Will this work for CNN or only LLM? Does the training still need to used GPU's or is this only an inference benefit. I don't see any examples or data other than this Paper.
Does this technology make Nvidia's tech and NPUs obsolete?
Noob Question… so binary/ternary quantization has been around for a while… which part was the major innovation/discovery in BitNet paper?
Mainly that a model can be trained from scratch using binary weights and still be competitive in terms of perplexity and accuracy.
very cool
we need the code
I found an implementation already on pip under the name "bitnet". From looking at the code they fully implemented the first paper and are making the changes now to implement the changes in the second paper. They even have a bitnet version of llama(bit_llama) in the repo. They also have a function where you can replace all of the linear layers in a model with bitlinear layers.

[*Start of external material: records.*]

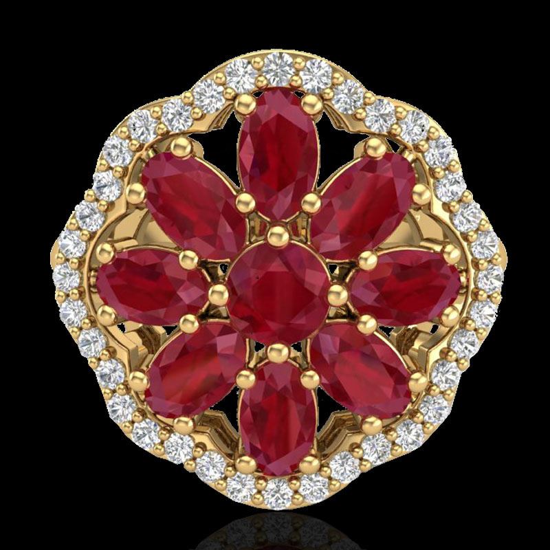 REF-63F8N -20785 ---- 4 CTW Ruby & VS/SI Diamond Cluster Designer Halo Ring 10K Yellow Gold ---- Luxury Designer Brand Ring Appraised at $4,550 Certificate Number US20785 10k Yellow gold, Ring Size is 7, Ring measuring approx. 7/8"X3/4" , weighing in total approx. 4.5 grams. Made in the USA and is stamped 10k, Main stone 2.35 carat total weight containing 8 pieces of Mid-Opaque-Deep Red color with AAA quality Oval shape cut Ruby , Stone #2 0.15 carat total weight containing 1 pieces of Strong Red color with Mid-Opaque quality Round shape cut Ruby , Stone #3 0.5 carat total weight containing 33 pieces of G-H color with VS/SI quality Round shape cut Diamond
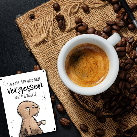 Ab €12,95Grundpreis /Nicht verfügbarAuf LagerBiber Metallschild in 15x20 cm mit Spruch Kam, sah, habe vergessen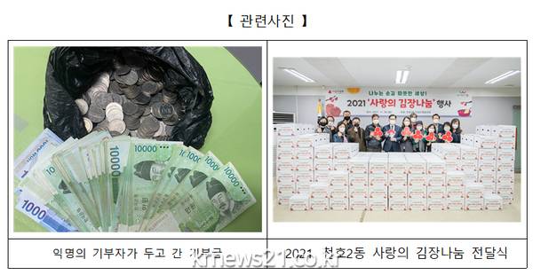 검정 비닐봉지 안에는 익명의 기부자가 자투리 돈으로 모은 것으로 추정되는 지폐다발과 동전 꾸러미가 총 100여만 원 들어있었다. 성함도 알려주지 않고 급히 동주민센터를 떠난 익명의 기부자는 주위를 훈훈하게 했다.

Hi bro, could you recommand me a large Model which can provide girlfriend API , or I can fine tune it to be a girlfriend model? I need an uncensored model for girl friend role. (not be NSFW, just to be a warm girl friend, when you ask her "can you be my girlfriend", the model won't reply "I am a AI model", that is so annoying) , or any other way to solve the problem. I whatched your video" Talking to girlfriend", but I worried that the Model you mentioned might be outdated. I am looking forward to your reply .Thank you!
I don't think LLMs should be used for this task, you can interact with them thats ok but a "girlfriend" is something between humans. You shouldn't make money on the back of lonely people and even its free its unhealthy to form a forced realtionship with a machiene (apart from being morally and ethically questionable).